Polarisation on the Couch, with Alex Evans

Is polarisation an emotional response to the state of the world? Alex Evans thinks so. This week he talks to Turi about taking a psychological approach to our social divide.

S2 E18: Polarisation on the Couch

“Our inner and outer crises are two sides of the same coin”

There are many lenses through which to explain polarisation - economic, political, demographic, evolutionary… Alex Evans wants us to consider it from a psychological perspective.

Alex has campaigned around inclusion and social justice for two decades, but researchers in Israel changed his mind about social fracture. Polarisation between Israelis and Palestinians is a mental health issue - driven by ongoing trauma, anxiety, hyper-vigilance and threat perception.

If democracy depends on citizens who can manage their mental and emotional states, feel empathy for each other, and share a sense of common identity and purpose, we need to address our inner worlds as much as the outer one.

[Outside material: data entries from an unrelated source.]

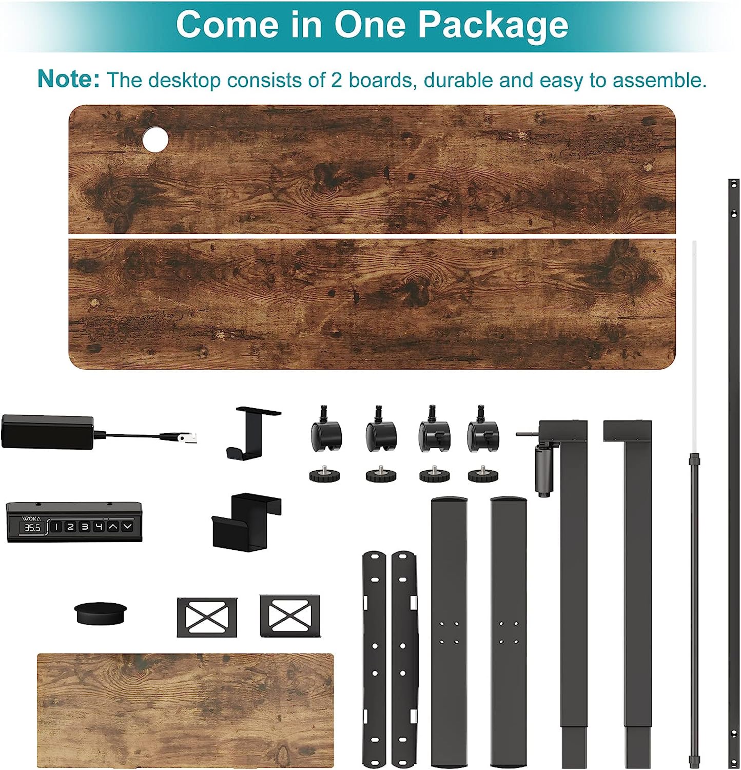 - Got Your Covered - WOKA invested in quick and easy product assembly, also well protecting and shipping the stand up desk frame and tabletop within one package. Feel free to reach to us if you have any concerns with this desk, your satisfaction is our priority.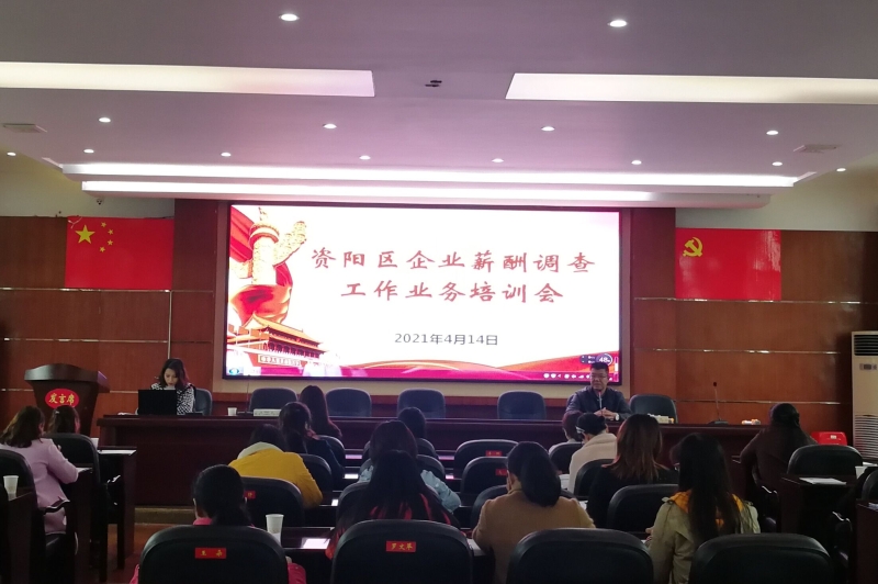 为开展好2021年企业薪酬调查工作,4月14日,资阳区召开企业薪酬调查工作业务培训会,辖区内43家样本企业的人事负责人、财务统计等相关人员参加。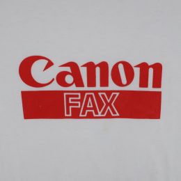 ご存じ日本の大手精密機器製造会社、キヤノンの北米法人のTシャツです。 FAXってところが時代を感じますね。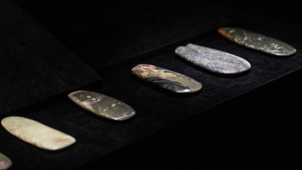 2024年8月3日在牛河梁遺址博物館拍攝的展品玉斧。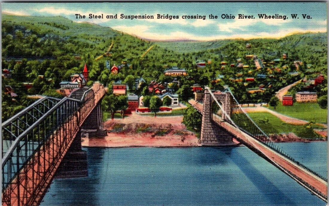 Vintage Postcard Bridges Wheeling WV JN2

“The state of the mind and the state of the world intersect”

Larger Us, his campaigning organisation, puts psychology at the very heart of its approach to curing our social divide.

Listen to Alex explain how society - both governments and individuals - can move from fight/flight to self-awareness and empathy, from powerlessness to agency, from disconnection and loneliness to belonging.

“The Religion-shaped hole in society has also had a massive impact on Polarisation”

Along the way, he also discusses:

  • The changing role of Religion in society
  • Collective Psychology
  • How ‘spirituality’ gave up on social justice
  • When polarisation is good
  • And how we can move from an Us-vs-Them to a ‘Larger Us’ Society

“We really have to come together to tackle these crises but our capacity to do so is being eroded by our emotional responses.”

Works cited include:

Read the Full Transcript

Alex Evans

Alex founded the Collective Psychology Project in 2018, which then became Larger Us in 2021. He is the author of The Myth Gap: What Happens When Evidence and Arguments Aren’t Enough?, and is a Senior Fellow at New York University’s Center on International Cooperation.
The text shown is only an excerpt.